A bivariate fractional stochastic volatility model
Ranieri Dugo  1@  
1 : Economics and Finance department - University of Rome Tor Vergata  (Uniroma2)
Via Columbia, 2, 00133 Roma RM, Italia -  Italy

Motivated by empirical evidence from the joint behavior of realized volatility time series, we propose to model the joint dynamics of log-volatilities using a bivariate fractional Ornstein-Uhlenbeck (2fOU) process. This is a mean reverting Gaussian process with fractal features living in R2. It is the solution of the Langevin equation with the multivariate fractional Brownian motion, in the sense of Amblard et al. (2012), as the driving term. This model is a multivariate version of the Rough Fractional Stochastic Volatility (RFSV) model proposed by Gatheral, Jaisson, and Rosenbaum (2018).

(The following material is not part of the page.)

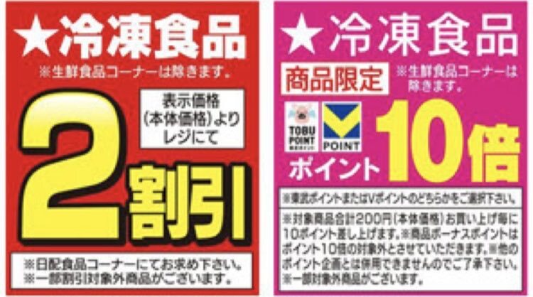 【#東武ストア #勝どき 店からのお知らせ】 本日10/12(日)は 冷凍食品が2割引🈹➕ポイント10倍🆙 500円の商品なら2割引で400円に さらにポイント10倍で20ポイント付きます‼️ まとめ買いの絶好のチャンスです💁🏻♀️ pic.x.com/eHbeZNMtI2

We discuss the main features of the process and propose different estimation procedures to identify its parameters. The first is a two-step method that takes as given the parameters governing the univariate marginals, whereas the second method identifies all the parameters at once. Regarding the first method, the estimation of the univariate process is well documented in the literature, but it often presents a bias in the speed of mean-reversion parameter, an issue that we try to overcome. We derive the asymptotic properties of the estimators and compare the performance of the finite sample behavior to the asymptotic
theory with Monte Carlo experiments.

Finally, an empirical investigation is carried out on 7 realized volatility time series overlapping in time and available on a long sampling period. Our results show how realized volatility time series are strongly correlated and present different degrees of asymmetry in their cross-covariance structure, which can be linked to what are known as spillover effects. These features can all be well captured by our model. Moreover, in accordance with the existing literature, we observe behaviors close to nonstationarity and roughness in the trajectories. A forecasting exercise provides further evidence of the consistency of our
model with observed data.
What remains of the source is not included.